» About this task:
Starting at the line that contains "- Аферисты ПаксФорекс", output each line exactly as written through the end of the listing below, but leave out the pictures.

» Given material:
/---
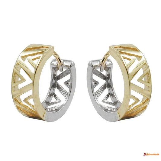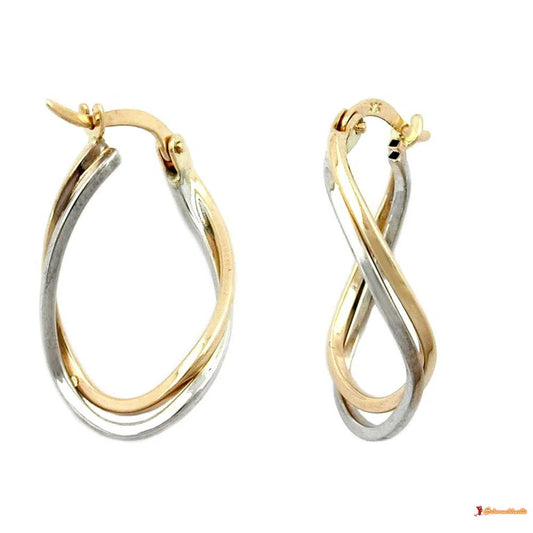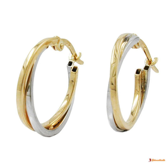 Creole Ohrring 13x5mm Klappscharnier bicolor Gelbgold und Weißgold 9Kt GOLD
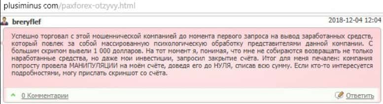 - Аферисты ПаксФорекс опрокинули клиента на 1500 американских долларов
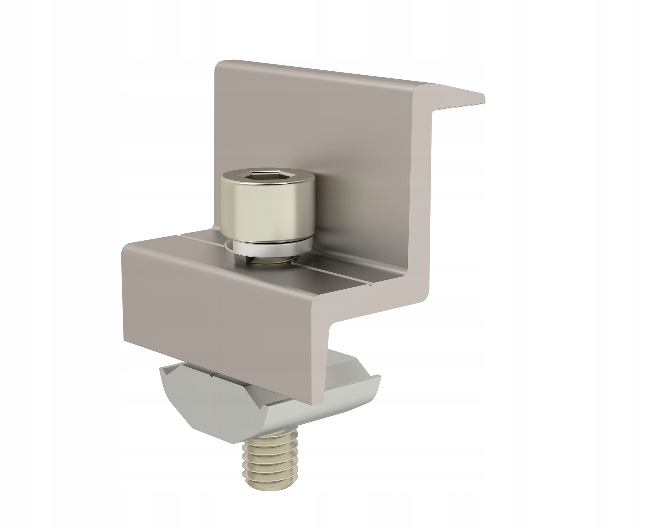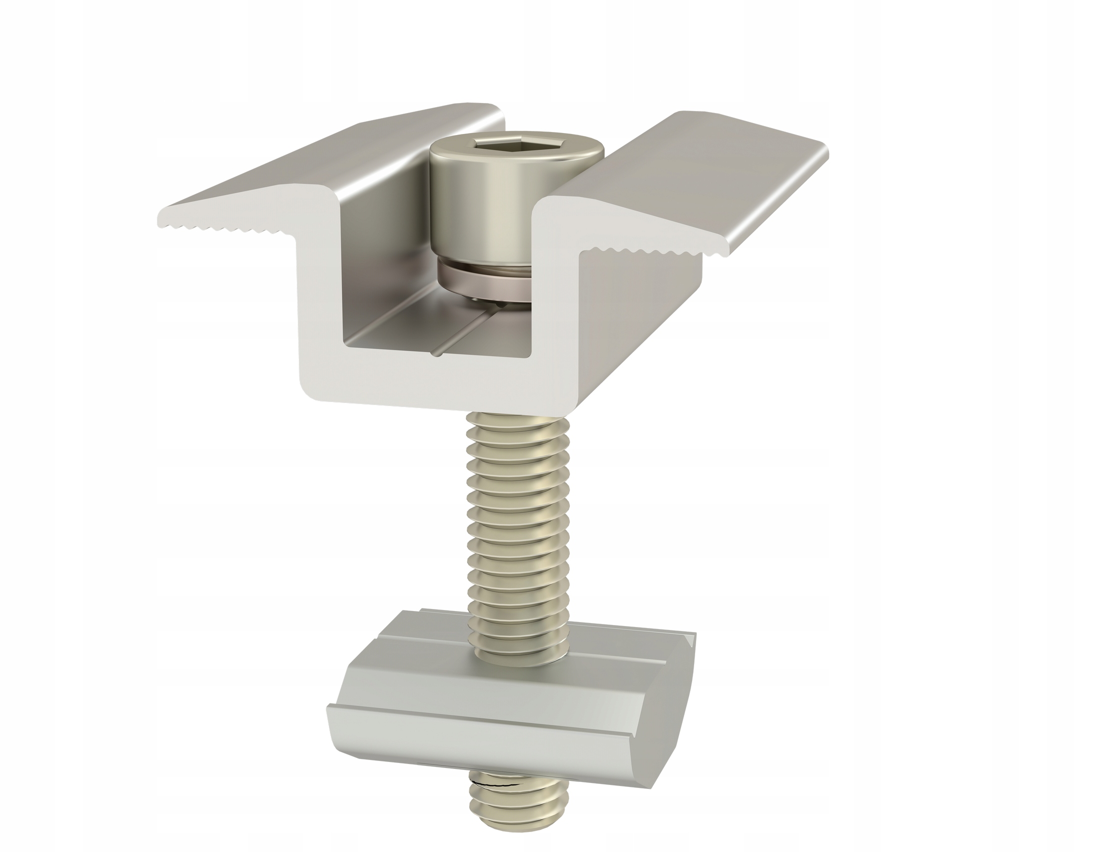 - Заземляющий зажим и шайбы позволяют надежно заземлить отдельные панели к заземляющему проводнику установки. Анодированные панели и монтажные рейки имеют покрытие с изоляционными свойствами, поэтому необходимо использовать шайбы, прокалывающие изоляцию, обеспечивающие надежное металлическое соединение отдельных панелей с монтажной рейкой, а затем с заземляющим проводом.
\---
» Response:
 - Аферисты ПаксФорекс опрокинули клиента на 1500 американских долларов
 - Заземляющий зажим и шайбы позволяют надежно заземлить отдельные панели к заземляющему проводнику установки. Анодированные панели и монтажные рейки имеют покрытие с изоляционными свойствами, поэтому необходимо использовать шайбы, прокалывающие изоляцию, обеспечивающие надежное металлическое соединение отдельных панелей с монтажной рейкой, а затем с заземляющим проводом.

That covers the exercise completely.